In the 1st instance, "...Jesus the Christ is the one who claimed to be the son of God, who called God his own Father." 'Christ', an anglicized Greek form of 'Kristos', did not appear in literature (the Holy Gospels) until after Saul of Tarsus (aka the self-proclaimed Apostle & eventual Saint Paul's) epiphany (while on the road to Damascus in pursuit of persecuting 'the zealot followers of the descendant of David & the Jewish mashiach', -therefore, it is dubious at best that he or anyone else referred to him as 'Christ'. That he, supposedly, claimed to be 'the Christ' simply does not stand the test of history. [Jesus] Barabbas never claimed to be 'the son of the father' (as in the Father of us all or God, if you will), -in fact, it appears that he never said a word, -he was called 'Barabbas' by others, -certainly by Pontius Pilate.
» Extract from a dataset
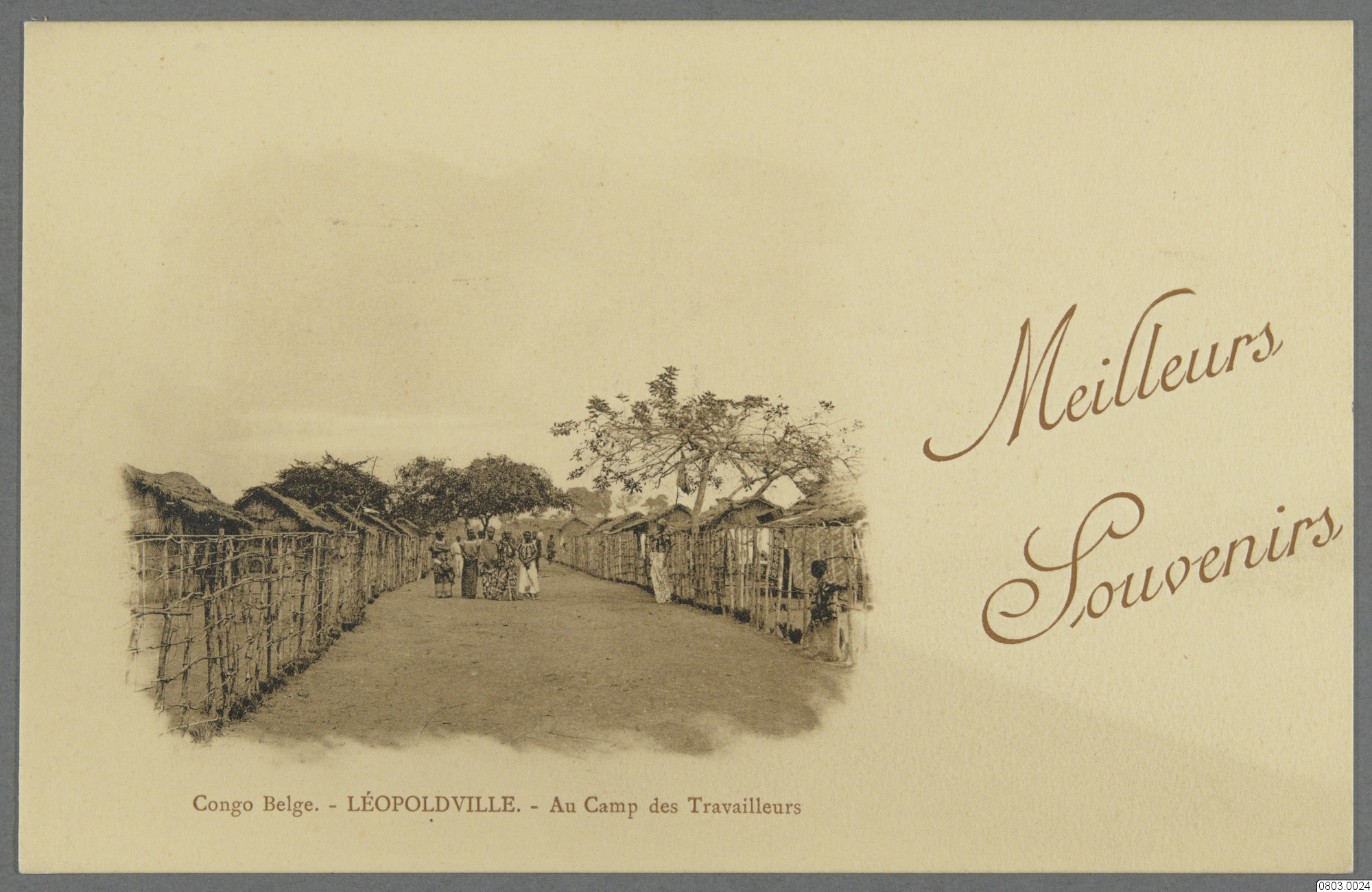 Vykort med motiv av arbetarbostäder-arbetsläger. Text på framsida: "Congo Belge. Leopoldville. Au Camp des Travailleurs. Meilleurs Souvenirs" Text på baksida: "Congo Belge. Carte Postale. Correspondance. Adresse"

In the 2nd instance... "barabbas wants revolution by violence and death of the Romans..."? Is there any historical proof or even evidence of or for such an assertion?

That the two men were switched (never before or since exercised), we, later-day people, never see or grasp the illusion right before our eyes... was it 'the descendant of David & Jewish mashiach' who sought the to overthrow secular governance of the Herods & thus re-establish of the Davidist theocracy or [Jesus] Barabbas (about whom we, later-day people, know nothing)?

In any case I chose neither man... indeed, rather, pursue Him who may teach "... death to self." while I live & not waste time & energy poring over Books of dead men.